До 2014 года многим казалось, что все зло — во власти и ее недостатках. 2014-й явил многие признаки фашизма в России. О том, что фашизм не равнозначен нацизму (который многие ошибочно считают «типичным» фашизмом) подробно писал в своем многосерийном блокбастере«Фашизм под гжель и хохлому» Дмитрий Холявченко. Я же лишь в очередной раз отошлю к 14 признакам фашизма от Умберто Эко. Любой желающий может убедиться, что 11 из них в России уже представлены.

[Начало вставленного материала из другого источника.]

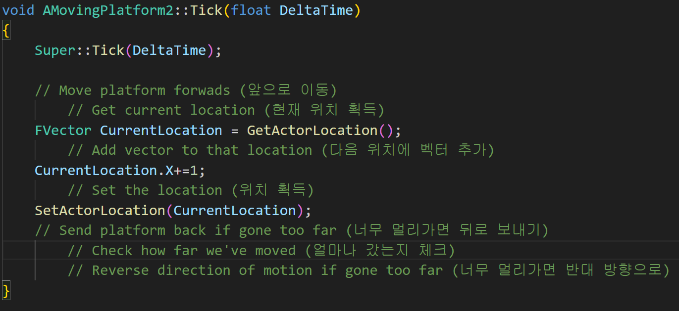 이제 컴파일해보고 실행해보면 앞으로 계속해서 이동하는 플랫폼을 볼 수 있다.
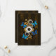 Composition of round steampunk clock with black Roman numeral dial, decorated with gold and brass gears, blue Morpho butterflies and damaged lenses on brown striped background. Steampunk style.
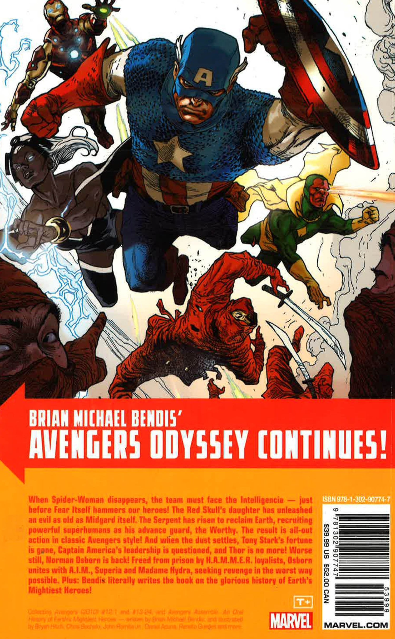 Brian Michael Bendis' Avengers odyssey continues! When Spider-Woman disappears, the team must face the Intelligencia - just before Fear Itself hammers our heroes! The Red Skull's daughter has unleashed an evil as old as Midgard itself. The Serpent has risen to reclaim Earth, recruiting powerful superhumans as his advance guard, the Worthy. The result is all-out action in classic Avengers style! And when the dust settles, Tony Stark's fortune is gone, Captain America's leadership is questioned and Thor is no more! Worse still, Norman Osborn is back! Freed from prison by his H.A.M.M.E.R. loyalists, Osborn unites with A.I.M., Superia and Madame Hydra, seeking revenge in the worst way possible. Plus: Bendis literally writes the book on the glorious history of Earth's Mightiest Heroes! COLLECTING: AVENGERS (2010) 12.1, 13-24; AVENGERS ASSEMBLE: AN ORAL HISTORY OF EARTH'S MIGHTIEST HEROES
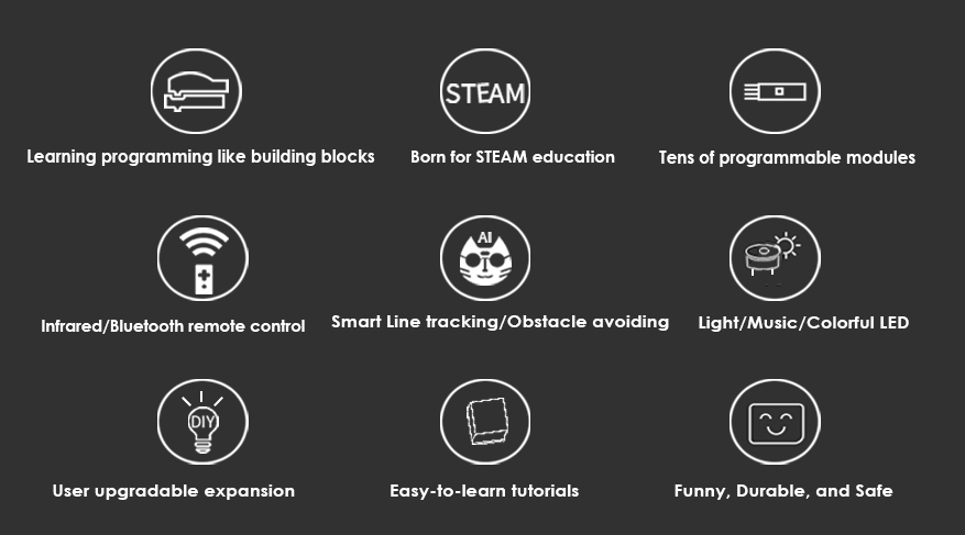 KitiBot is speciaal ontworpen voor STEAM-educatie, wordt geleverd met grafische programmeersoftware om kinderen te helpen programmeren, net als eenvoudig bouwstenen maken.
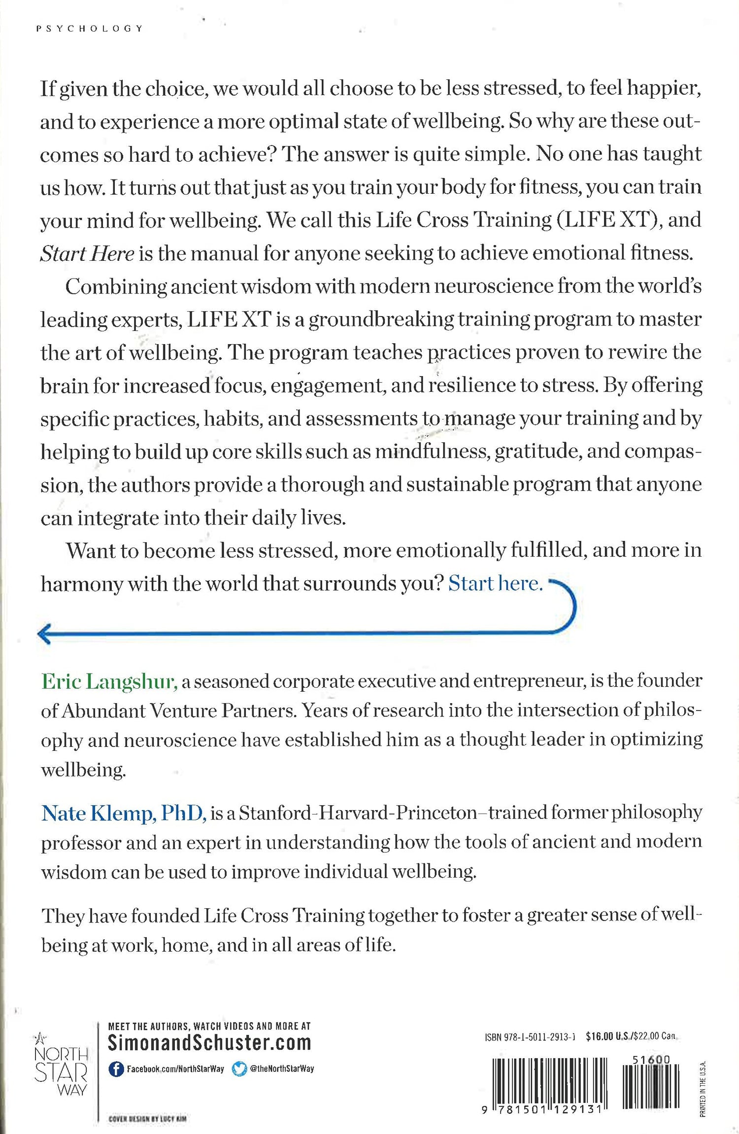 If given the choice, we would all choose to be less stressed, feel happier, and experience a more optimal state of wellbeing. So why are these outcomes so hard to achieve? The answer is quite simple. No one has taught us how. It turns out that just as you train your body for fitness, you can train your mind for wellbeing. We call this Life Cross Training (LIFE XT), and Start Here is the manual for anyone seeking to achieve emotional satisfaction.Combining ancient wisdom with modern neuroscience from the world’s leading experts, LIFE XT is a groundbreaking training program to master the art of wellbeing. The program teaches practices that are proven to rewire the brain for increased focus, engagement, and resilience to stress. By offering specific practices, habits, and assessments to manage your training and helping to build up core skills such as mindfulness, gratitude, and compassion, authors Eric Langshur and Nate Klemp lay out a thorough and sustainable program that anyone can integrate into their daily lives.
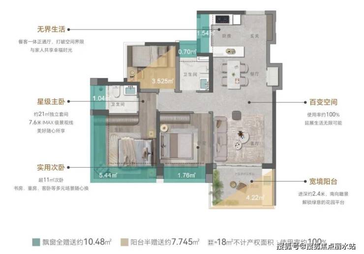 全屋飘窗全赠送约10.48㎡,阳台半赠送约7.745㎡,整体赠送面积约18㎡,让87㎡的建面,真正成为87㎡的生活现场。
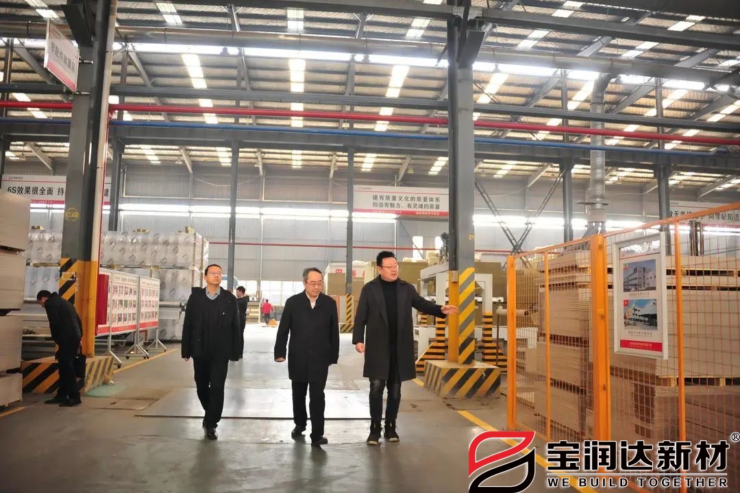 2月16日,懷寧縣委書記余學峰、懷寧縣政府副縣長譚憲鋒、懷寧縣縣委辦主任劉勁松、懷寧縣招商中心副主任關飛一行蒞臨寶潤達進行調研,寶潤達新材總經理朱正葉、總經理助理張曉光熱情接待。
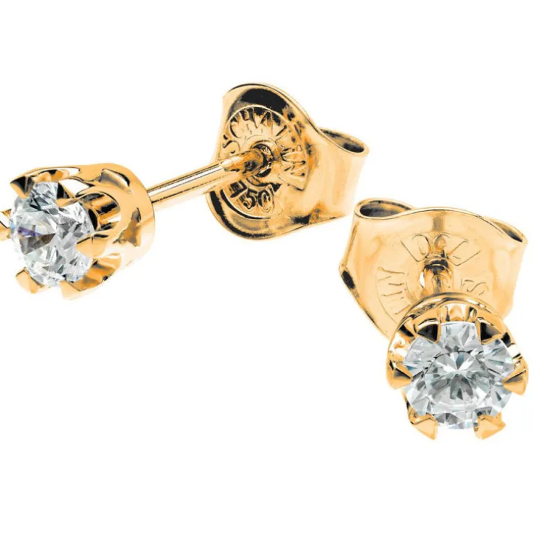 Örhängen med diamanter, briljanter 2 x 0,15 ct, i klassisk fattning med sex klor rödguld 18 karat.

И что мы видим? Современный российский полуфашизм — не только прихоть правящей верхушки и ее пропагандистов, он имеет живой отклик в народной массе, в том самом большинстве, на которое, вроде бы, должна опираться демократия. И вот вопрос — может и правда, свобода и демократия — не для России? Может, прав был Александр Сергеевич?

Предпосылки фашизма

Через ту или иную форму фашизма прошли почти все европейские нации. И нынешний российский режим до фашизма все же не дотянул (будем надеяться — и не дотянет), хотя предпосылки весьма существенны. Крах империи, чувство национальной обиды, постоянные попытки бывших национальных окраин, ставших независимыми государствами, ущемить и выдавить русское население. К этому добавился слом жизненного уклада, потеря хоть и во многом бутафорских, но все же привычных советских социальных институтов, пресловутая «атомизация» общества.

Дмитрий Холявченко указывает на то, что корпоративизм является одним из столпов фашизма. Но я бы сказал по-другому. Не сам корпоративизм, а разрушение предыдущего корпоративизма, стремление вернуть его, если не реально, то виртуально.

Европейский фашизм первой половины двадцатого века был вызван быстрой урбанизацией, разрушением привычного для большинства населения сельского уклада жизни, в котором все было просто, понятно и привычно. Покинув сельскую общину, человек оказывался беззащитен и одинок в новой городской реальности. Ему хотелось снова стать частью корпорации, получить надежность, защищенность и поддержку.

Точно так же советский человек в 90-е годы вдруг оказался выброшен в «дикий капитализм». В одночасье исчезли профкомы, парткомы и «народные контроли», куда можно было пожаловаться.

Вместо повседневной и докучающей опеки позднетоталитарного государства возникла пугающая социальная пустота, в которой можно было спиться, сойти с ума, заболеть и умереть, но никто не обратил бы на это внимания.

Параллелей между Россией 90-х годов и Веймарской республикой можно провести множество — вплоть до гиперинфляции. Но Германия скатилась до полноценного фашизма (в экстремальной его форме) за 15 лет, а Россия — нет.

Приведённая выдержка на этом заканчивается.